In part C, I develop the idea of a Puzzle State that thinks big and addresses the wicked problems that the West have a hard time getting a grip on.
In the eighth chapter, I unpack the DNA of the Puzzle State. Here I outline how three I’s—Imagination, Insight, and Involvement—are building blocks of the Puzzle State. I then present a Model for Wicked Problems that recognizes that policymakers are often detached from the realities on the ground among, for instance, nurses, schoolteachers, police officers, company owners, or job seekers. By bridging the gap between decision-makers at the front door and practitioners at the back door, the model brings continuing, practice-based knowledge to the policymaking process. With the help of AI, this type of information is seldom present in Western capitals today, even though it is essential if politicians are to address wicked problems, as they have underscored in the interviews from Berlin, London, Rome, Washington, and Copenhagen.

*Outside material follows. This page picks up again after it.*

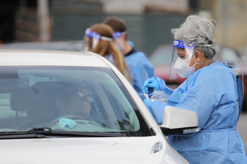 A medical worker collects a swab sample at a COVID-19 drive-through testing site in Los Angeles, California, the United States, Jan. 10, 2022. (Xinhua)
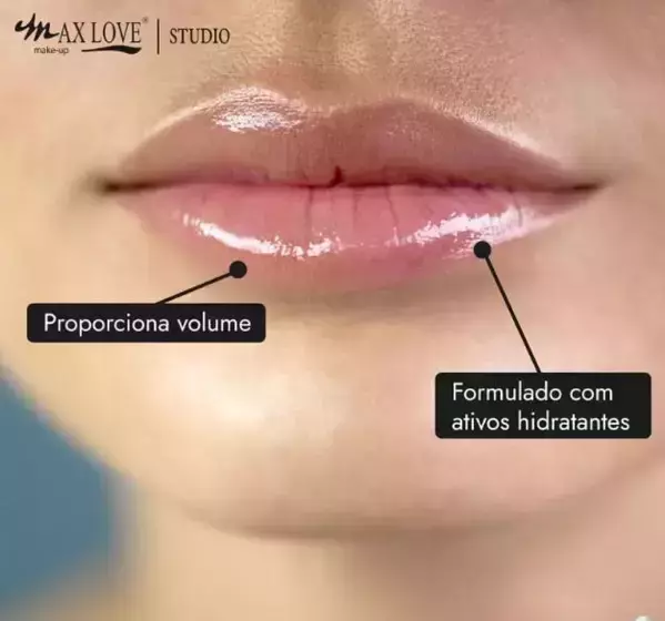 Gloss labial Lip Volumoso Max Love promove cor e brilho enquanto aumenta o volume dos lábios.

Furthermore, I explain that it is important to understand that the Puzzle State cannot prevail in all areas of politics—it is particularly suited to a certain type of political pool.
I here define a pool as “the current political situation in which a reform plays out.” And looking through history, we can identify at least three political pools.21
Typically, politics unfolds in a bureaucratic setting with negotiations between fixed interests and law-making processes. I term these areas of politics the blue pools; these are areas in which, for instance, the EU achieves results.
Another type of pool challenges the blue pool. It happens when there are highly salient issues that determine elections or where actors employ hot conflicts and fear tactics at the front door of democracy to gain influence. I term these areas of politics the red pools; these are arenas in which, for instance, Donald Trump excels.
However, there is also a third pool where the Puzzle State flourishes. History tells us that other policy fields not resting in the red or blue pool are more mature; here we see (a) the political spotlight of the media is not as strong, which means that nuance often wins over conflict, and (b) actors in the field have realized that after many years of fighting, they cannot solve the wicked problems without searching for new methods and mindsets. I call these areas the green pools. 22 And at the end of this book, I will reveal how to search for these green pools to benefit from the Puzzle State.
In the ninth chapter, I present nine ways of developing a Puzzle State. They are based on the findings throughout the book and divided among the three I’s—Imagination, Insight, and Involvement. For each of the I’s, the book offers two concrete recommendations, covering everything from acting like Finnish plumbers that do policy experiments and being like Wales by installing a “Future Generations Commissioner.” The propositions are not intended as an adequate blueprint for the Puzzle State. Rather, they serve as a starting point for a vital conversation about adapting our democratic institutions to a new normal. At the end of the chapter, I outline how to fast-track the Puzzle State, showing how we can start the movement now.